→ **MATERIAL PROVIDED**:

* * *

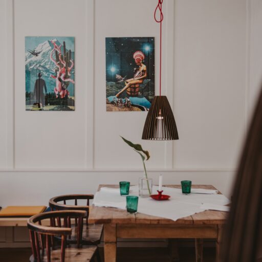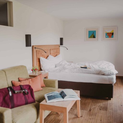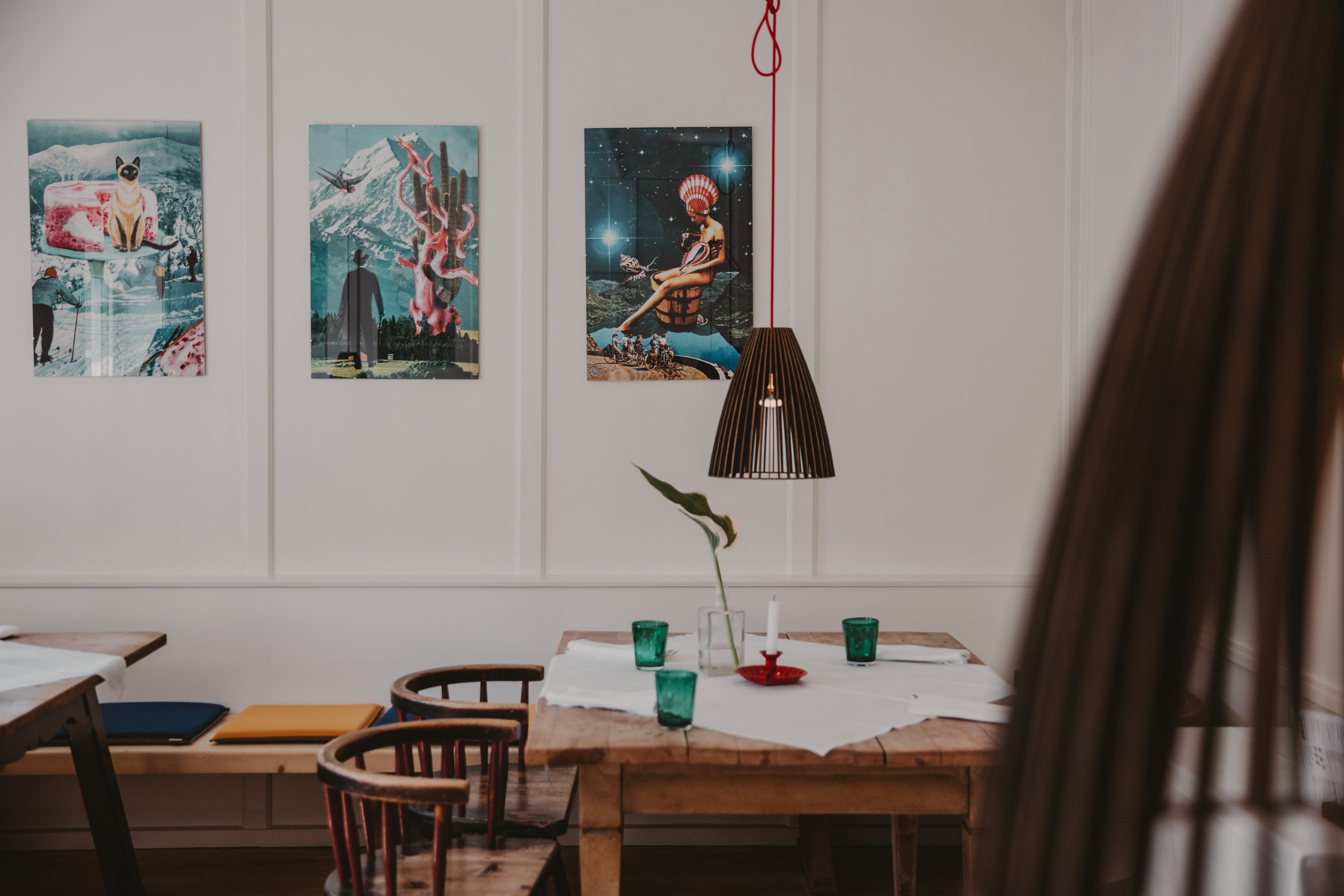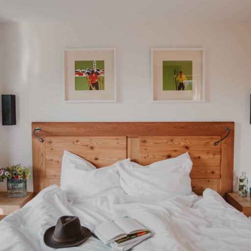 - für Schöngeister gibt es so einiges zu sehen: Die Zimmer sind ausgestattet mit teils handgefertigten Lärchenholzmöbeln, edlen Designklassikern und zeitgenössischen Kunstobjekten – fast wie im Museum, nur cooler
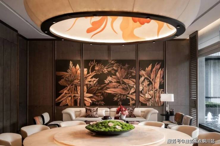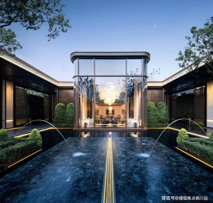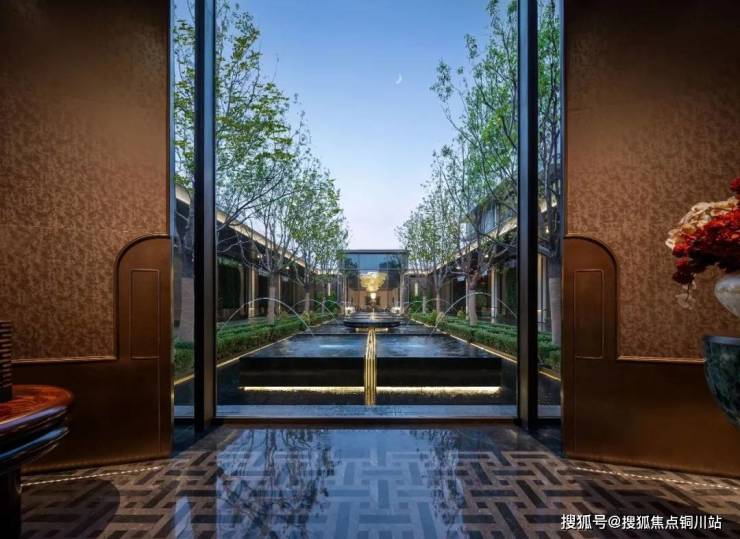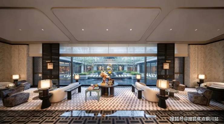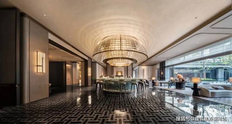 会所大堂当然也是正对着下沉式庭院。紫金·翡丽甲第选用的落地窗,最大的一扇落地窗达到了7.7米宽,把下沉式庭院的水光和天光,无限收入室内。到了晚上,空中会弥漫着鎏金岁月的气息,泳池中的那轮圆月,就在你眼前,照耀着在月光中畅游碧波的人。
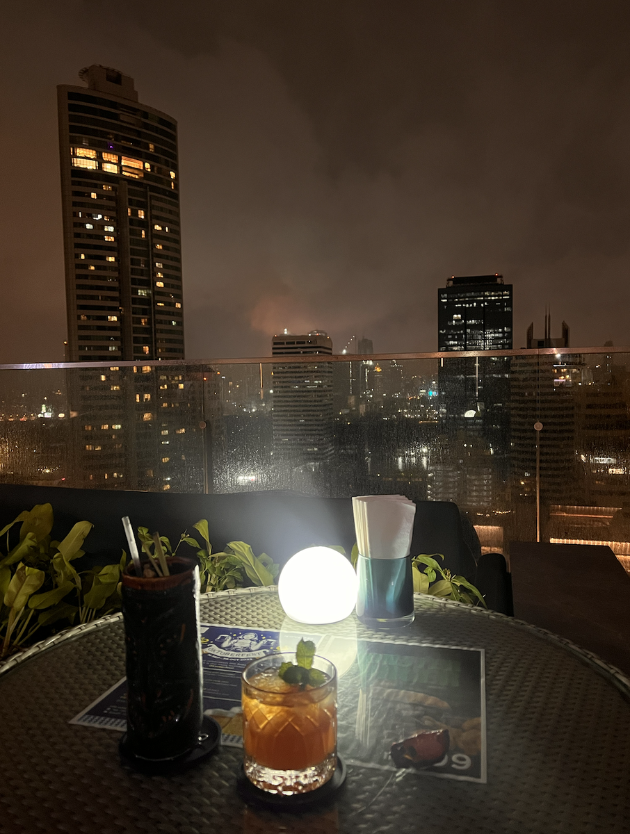 Бар, куда я ходила за двумя вещами: вид на вечерний Бенчакити парк и мой любимый коктейль. Расположен на 27-м этаже отеля Novotel.
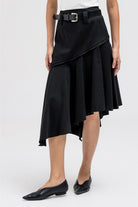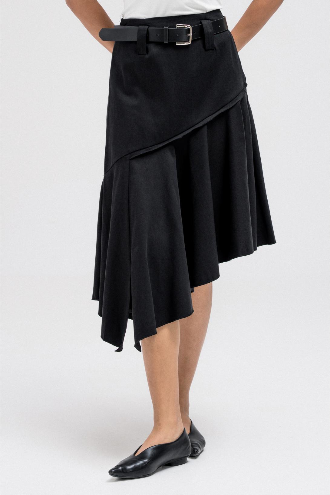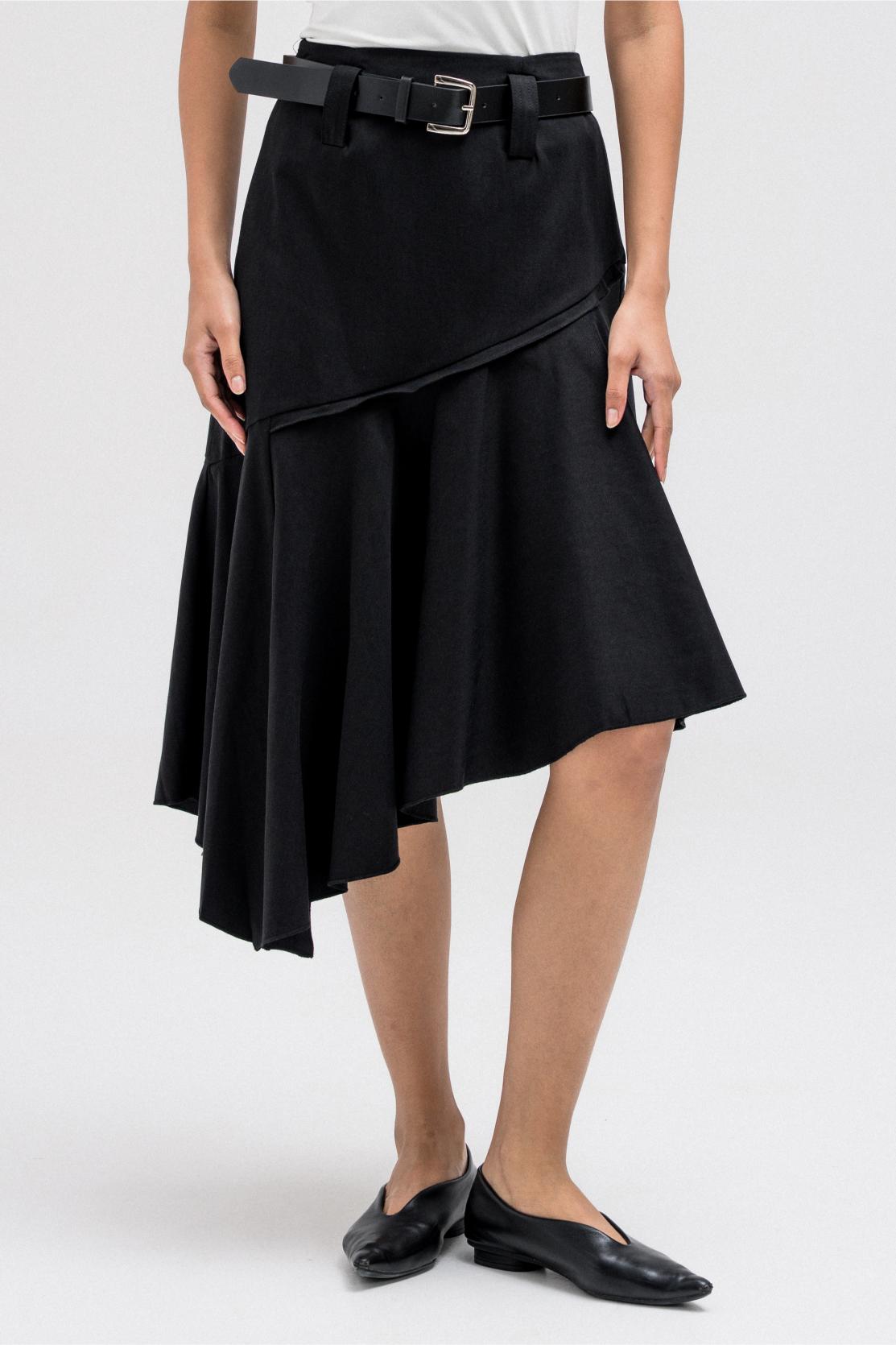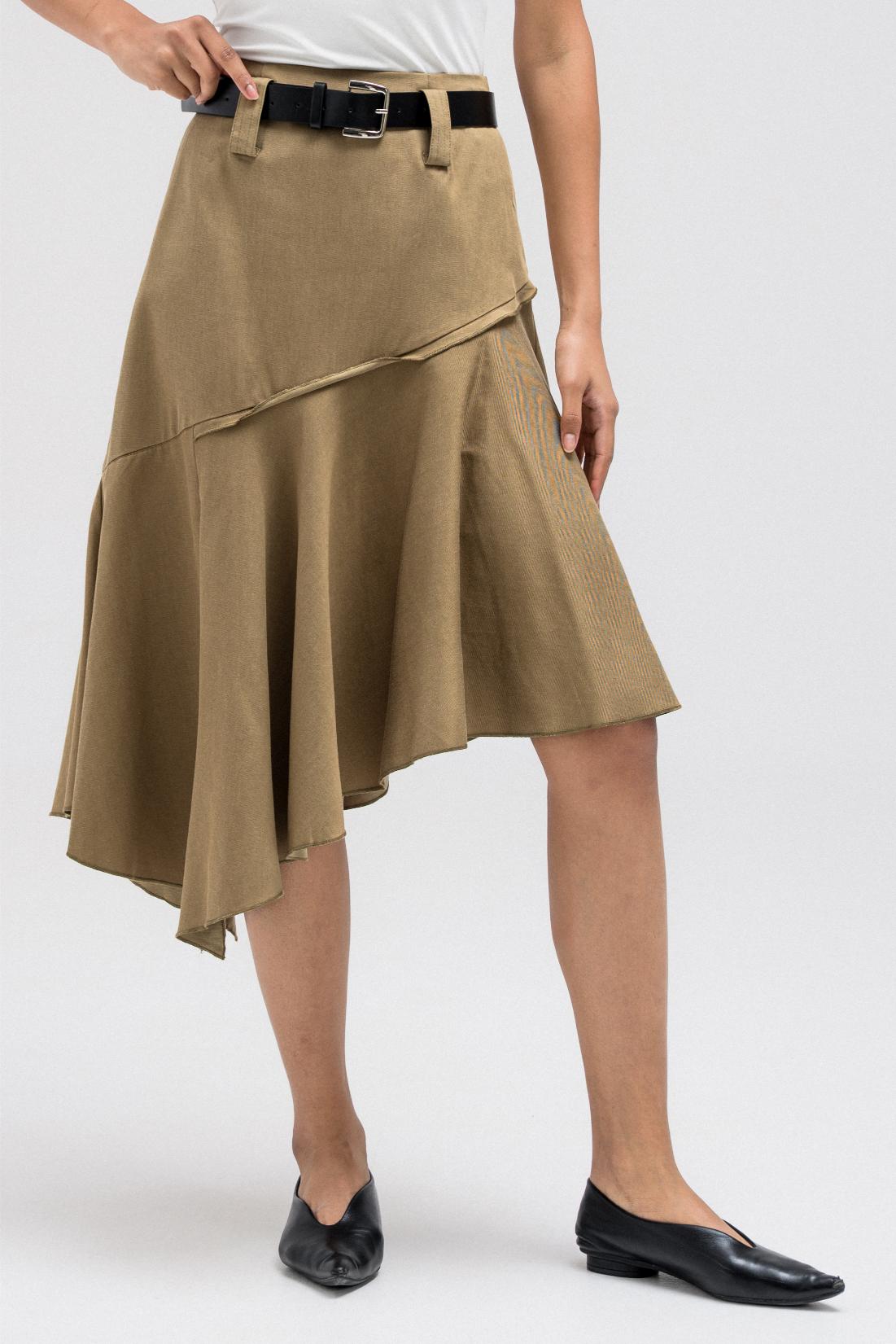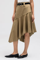 ASYMMETRICAL BELTED FLOWY SKIRT
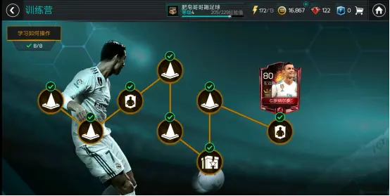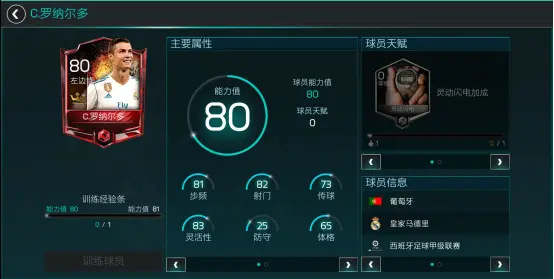 在学会基本操作之后,那就一定要靠球星来强化你的球队,在新手营结束后,官方会送给你C罗作为主力球员,当前分数为80分,我建议大家一定要将他作为核心升级的球员。当通过剧情模式的“冠军之路”,我们就可以把C罗的能力值提升到100点,此时,你自己的球队里,左边锋的位置可以说是完美无缺了。
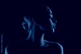 Passion. Portrait of female fashion model in neon light on dark studio background. Beautiful caucasian woman with trendy make-up and well-kept skin. Vivid style, beauty concept. Close up. Copyspace
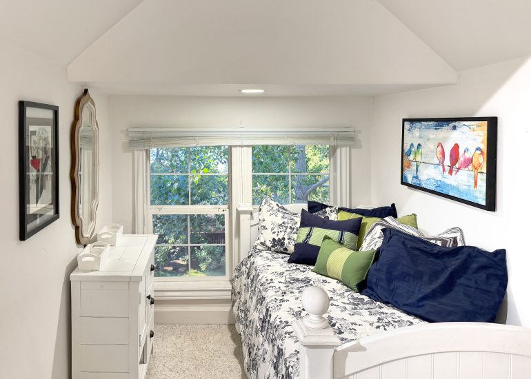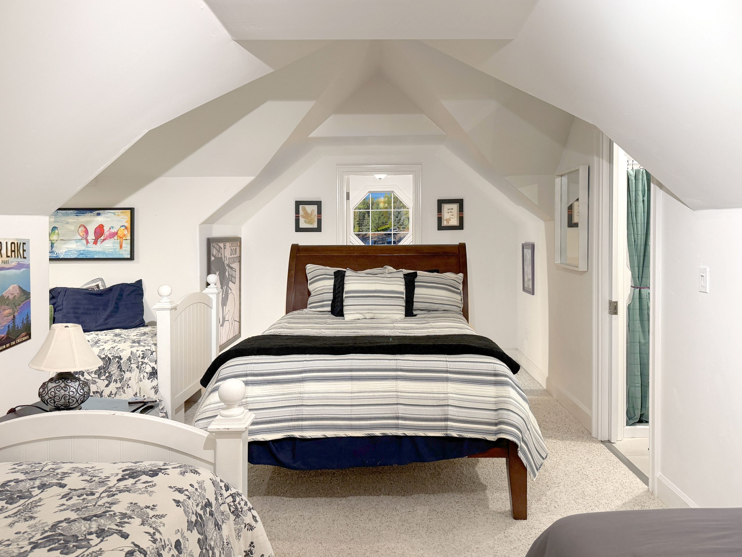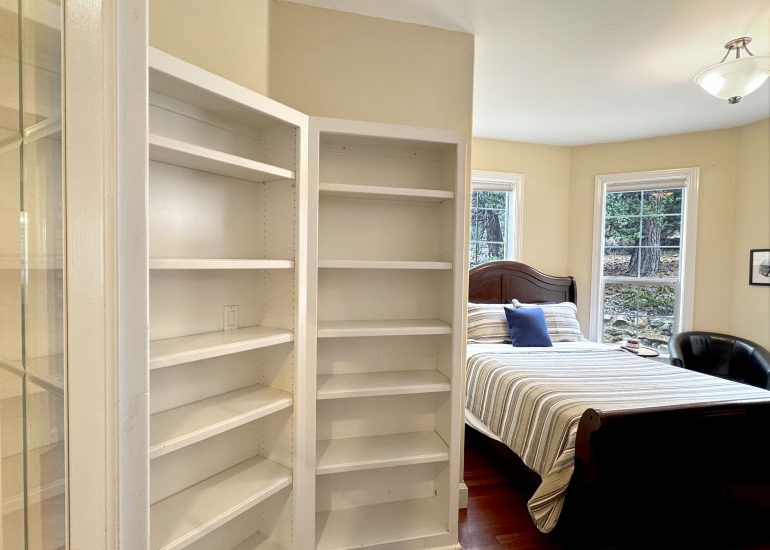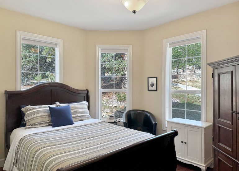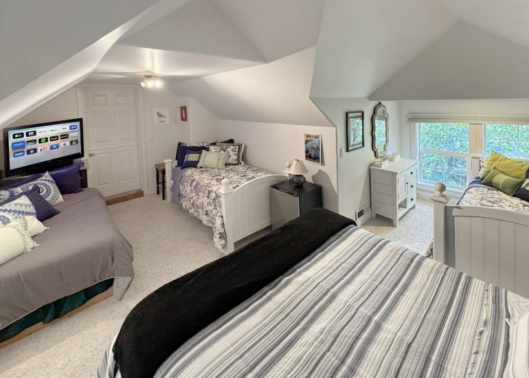 The first floor octagonal Brooklyn State Room accommodates up to 2 guests with access to a private bathroom and walls of windows to a view of 100+ year old trees, birds, squirrels and wandering resident deer. Furnished with a queen size sleigh bed, a 46" wall mounted TV w/Apple TV, a wardrobe, built-in shelving, and access to the rest of the beautiful house.
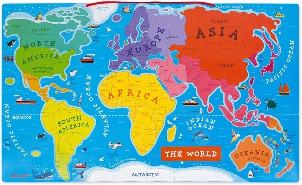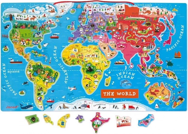 Ta piękna magnetyczna mapa świata ma wymiary 77 x 46 x 1 cm i zawiera 92 drewniane elementy puzzli. Każdy element przedstawia region lub kraj, zawiera nazwę stolicy oraz ilustrację charakteryzującą dane miejsce, takie jak ważne budowle, zabytki, zwierzęta i rośliny. Mapa jest w języku angielskim i można ją zawiesić na ścianie, dzięki czemu staje się wyjątkową ozdobą pokoju dziecięcego.

* * *

Exactly as they stand, set down the lines from the start of the material through the line with "ASYMMETRICAL BELTED FLOWY SKIRT", both ends included, omitting the pictures.

→ **RESPONSE BOX**:
 - für Schöngeister gibt es so einiges zu sehen: Die Zimmer sind ausgestattet mit teils handgefertigten Lärchenholzmöbeln, edlen Designklassikern und zeitgenössischen Kunstobjekten – fast wie im Museum, nur cooler
 会所大堂当然也是正对着下沉式庭院。紫金·翡丽甲第选用的落地窗,最大的一扇落地窗达到了7.7米宽,把下沉式庭院的水光和天光,无限收入室内。到了晚上,空中会弥漫着鎏金岁月的气息,泳池中的那轮圆月,就在你眼前,照耀着在月光中畅游碧波的人。
 Бар, куда я ходила за двумя вещами: вид на вечерний Бенчакити парк и мой любимый коктейль. Расположен на 27-м этаже отеля Novotel.
 ASYMMETRICAL BELTED FLOWY SKIRT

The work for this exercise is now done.